(Information supplied)
>>>>>
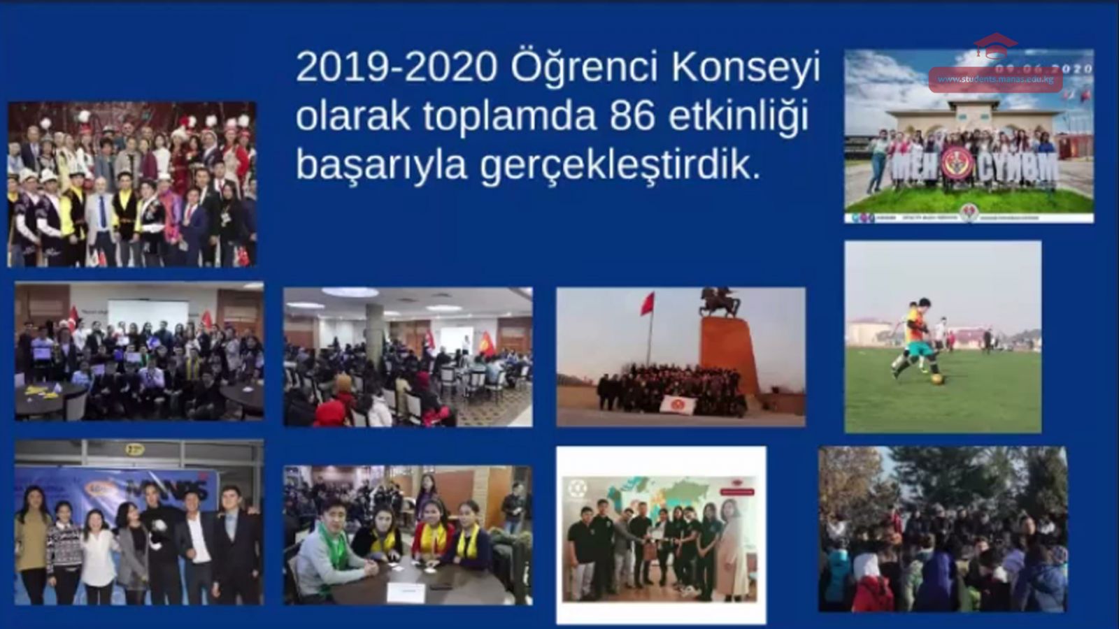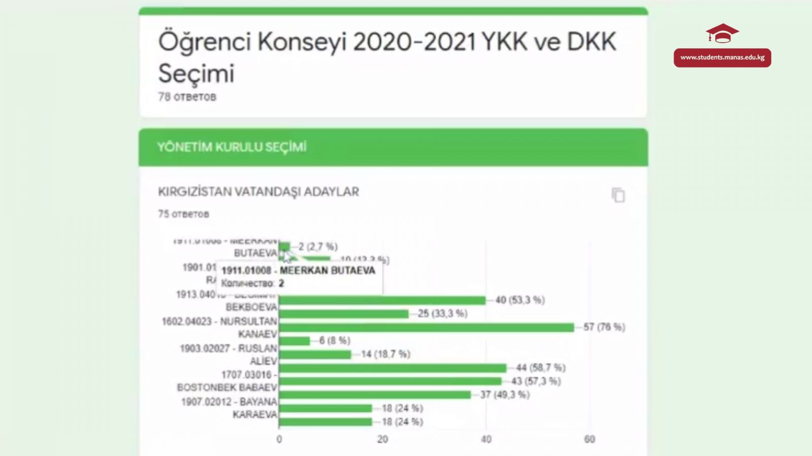 因为有2名学生理事会主席候选人,今年的选举与上一年相比更大。 18名学生被提名为学生管理部,6名学生被提名为纪检部 。选举产生的结果是,Osman Yigen,Nursultan Kanayev,Raisa Yerlanbek,Bostonbek Babayev,KanikeyTurdubekova,Begimay Bekboyeva,Rispek Kubanıchbekov被选为管理部成员。 Muzhteba Pek,Kemran Tabdigov,Azhar Matraimova当选为纪检部成员。
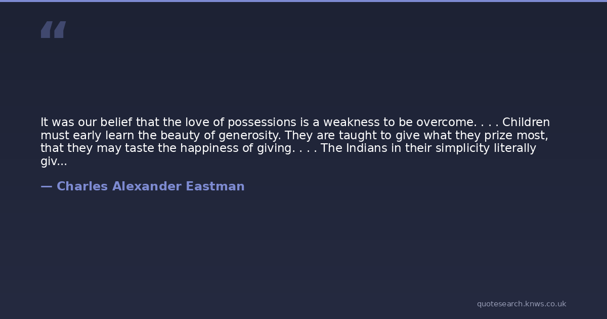 It was our belief that the love of possessions is a weakness to be overcome. . . . Children must early learn the beauty of generosity. They are taught to give what they prize most, that they may taste the happiness of giving. . . . The Indians in their simplicity literally give away all that they haveto relatives, to guests of other tribes or clans, but above all to the poor and the aged, from whom they can hope for no return.
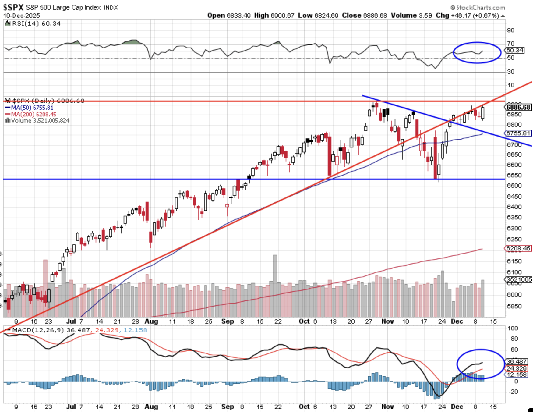 De daggrafiek van de S&P 500 toont een nog steeds stijgende hoofdtrend, ondanks een breuk van de rode stijgende trendlijn tijdens de novembercorrectie. De recente hogere bodem boven circa 6.650 en de huidige test van de toppen rond 6.900 houden het patroon van higher highs en higher lows in stand.
<<<<<
(Exercise prompt) Restate the material above exactly. Exclude all pictures.

(Solution to this problem)
 因为有2名学生理事会主席候选人,今年的选举与上一年相比更大。 18名学生被提名为学生管理部,6名学生被提名为纪检部 。选举产生的结果是,Osman Yigen,Nursultan Kanayev,Raisa Yerlanbek,Bostonbek Babayev,KanikeyTurdubekova,Begimay Bekboyeva,Rispek Kubanıchbekov被选为管理部成员。 Muzhteba Pek,Kemran Tabdigov,Azhar Matraimova当选为纪检部成员。
 It was our belief that the love of possessions is a weakness to be overcome. . . . Children must early learn the beauty of generosity. They are taught to give what they prize most, that they may taste the happiness of giving. . . . The Indians in their simplicity literally give away all that they haveto relatives, to guests of other tribes or clans, but above all to the poor and the aged, from whom they can hope for no return.
 De daggrafiek van de S&P 500 toont een nog steeds stijgende hoofdtrend, ondanks een breuk van de rode stijgende trendlijn tijdens de novembercorrectie. De recente hogere bodem boven circa 6.650 en de huidige test van de toppen rond 6.900 houden het patroon van higher highs en higher lows in stand.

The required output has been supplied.